Когда музыканты закончили играть, несколько женщин зааплодировали, и приглушенный звук хлопков руками в перчатках поплыл над бульваром с ухоженными цветочными клумбами, откуда открывался вид на реку Мозель и лесистые холмы.
Что же заставило его последовать за молодой незнакомкой? Это неожиданно возникшее влечение привело его в замешательство. Его могли принять за сумасшедшего, и даже хуже — за извращенца.
Сильный порыв ветра встряхнул ветви каштана, и деревья отозвались неистовым гулом. Она тотчас изящным движением подняла руку, чтобы удержать свою шапочку.
Партитуры взмыли в воздух, и дети с криками бросились за ними вдогонку. Молодая женщина вздрогнула и повернула назад, толкая перед собой коляску. Ее лицо отпечаталось у него в памяти: высокий лоб, выделяющиеся скулы и нос, четко очерченные губы. У нее была бледная, почти прозрачная кожа, но он не смог разглядеть цвета ее глаз и ощутил почему-то обиду, словно от него что-то утаили.
Позже он не раз спрашивал себя, как узнал ее.
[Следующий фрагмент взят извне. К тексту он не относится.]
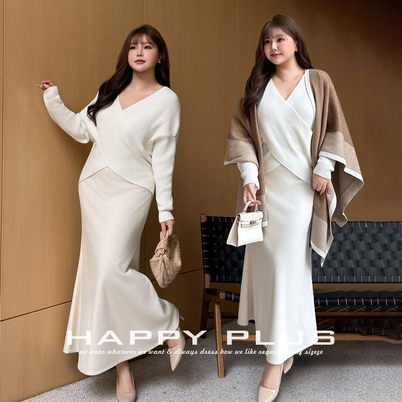 เดรสไหมพรมคอวีไขว้สำหรับผู้หญิง รุ่น Runqi เอวธรรมชาติ ความหนาปานกลาง ระบายอากาศได้ดี สไตล์พันรอบตัว ให้ลุคหรูหรา

Откуда появляется эта уверенность, что судьба поместила на вашем пути человека, который, так или иначе, повлияет на вашу жизнь? Откуда возникает это внезапное обострение чувств? И тело реагирует с непосредственностью, неведомой мозгу, который сразу же стремится все анализировать, разбирать, раскладывать по полочкам? Тем, кто доверяет своим инстинктам, часто притупленным воспитанием и обычаями, многое кажется более понятным. А Андреас как раз привык прислушиваться к интуиции. Это она помогла ему вернуться живым из России, а также была одним из орудий в его профессии и ключом к успеху. Эта женщина очень красива. И он хотел быть с ней.
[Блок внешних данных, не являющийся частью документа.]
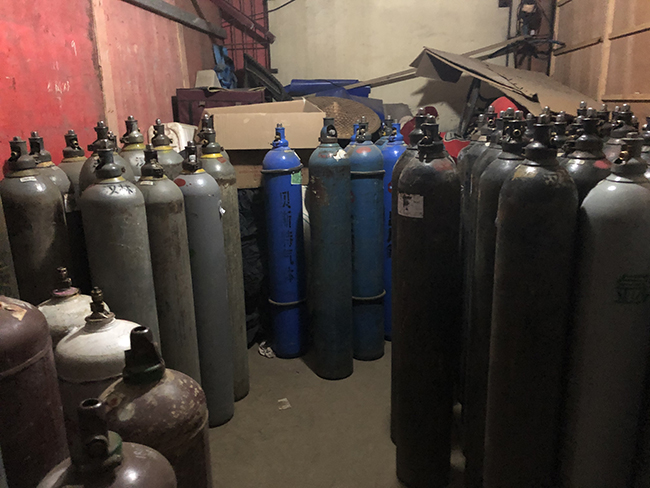 浙江杭州市案例:2021年3月8日上午,浙江省杭州市蕭山區(qū)應急管理局執(zhí)法人員對某公司進行執(zhí)法檢查。期間,執(zhí)法人員發(fā)現(xiàn)廠區(qū)內一簡易鋼棚搭設的倉庫,玻璃窗均被物體人為遮擋,檢查發(fā)現(xiàn)倉庫內堆放了大量?;罚M瓶二氧化碳、氧氣、乙炔、混合氣體、氮氣等176個氣瓶。同時,該倉庫緊鄰公司員工宿舍樓搭設,宿舍樓里還住著數(shù)十個工人,一旦發(fā)生爆炸,后果不堪設想。

Андреас подождал, пока она пройдет мимо него, но все ее внимание было приковано к ребенку, лежащему в коляске, и она даже не взглянула на незнакомого мужчину. Она ушла вперед, и ее походка была такой же воздушной. Он проводил ее взглядом, затем развернулся и торопливо сбежал по ступенькам к Мозелю. Если он поторопится, то будет у дома Нажелей раньше ее.
Стоя в бельевой, где витал свежий запах накрахмаленного белья, Элиза повернулась к Колетте, нахмурив брови.
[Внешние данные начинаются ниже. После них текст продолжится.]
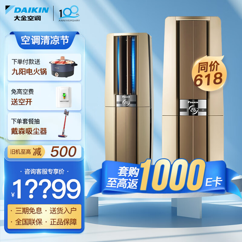 大金空调(DAIKIN) 3匹 E-MAX 帕蒂能 旗舰 直流变频冷暖 环抱气流 立柜式客厅 以旧换新 3匹 一级能效 FVXF172WC-W白色

— Что ты сказала? — спросила она, выпуская из рук стопку белых полотенец, которые только что пересчитала.
Ей пришлось опереться ладонями о стол, чтобы девушка не увидела, как они дрожат.
— У дверей стоит мужчина с конвертом, который он хочет передать кому-нибудь из родных месье Венсана. Он спросил вас, мадемуазель, или месье Франсуа. Он что, вас знает?
— Боже мой… — прошептала Элиза.
Она закрыла глаза и постаралась взять себя в руки. Неужели ей это не снится? Наконец-то новости от Венсана… В первые недели после окончания войны она ежедневно отправлялась в коллеж Сен-Венсана, где занимались вопросами приема репатриантов, а теперь раз в месяц ездила на поезде в Шалон-сюр-Сон, в Национальный центр приема жителей Эльзаса и Лотарингии. И все было напрасно. Она знала только, что Венсан попал в плен к русским, был заключен в тамбовский лагерь № 188, расположенный в четырехстах восьмидесяти километрах на юго-восток от Москвы, и что с пленными там обращались хуже, чем со скотиной.
— Проводите его в гостиную, — произнесла она слабым голосом. — Я сейчас подойду.
— Да, мадемуазель, но…
— Что тебя так смущает, дорогуша? — бросила она раздраженно.
— Это фриц, мадемуазель, а вы сказали, что никто из них никогда не переступит порог вашего дома.
— Немец?
В тот же миг, словно от удара кнутом, ее тело напряглось. Она снова укрылась своим щитом недоверия и суровости, который защищал ее на протяжении нескольких лет, пока Лотарингия была аннексирована Германией. В некотором смысле так даже было лучше. Если бы речь шла о полковом товарище Венсана, молодом человеке, насильно вовлеченном в адскую машину, какой была эта беспощадная война, ей было бы сложно контролировать свои эмоции. Но фриц… Один из этих немцев, которые привели Гитлера к власти, по-хозяйски расхаживали по всем городам Франции с фотоаппаратами через плечо, важно восседали на террасах кафе под ярким весенним солнцем, гордясь своей принадлежностью к высшей и победоносной расе, и которые испытали искреннее недоумение при первых неудачах своих войск… Они внушали ей лишь ненависть и презрение. Перед тем, кто был одним из них, она сумеет быть твердой и непоколебимой.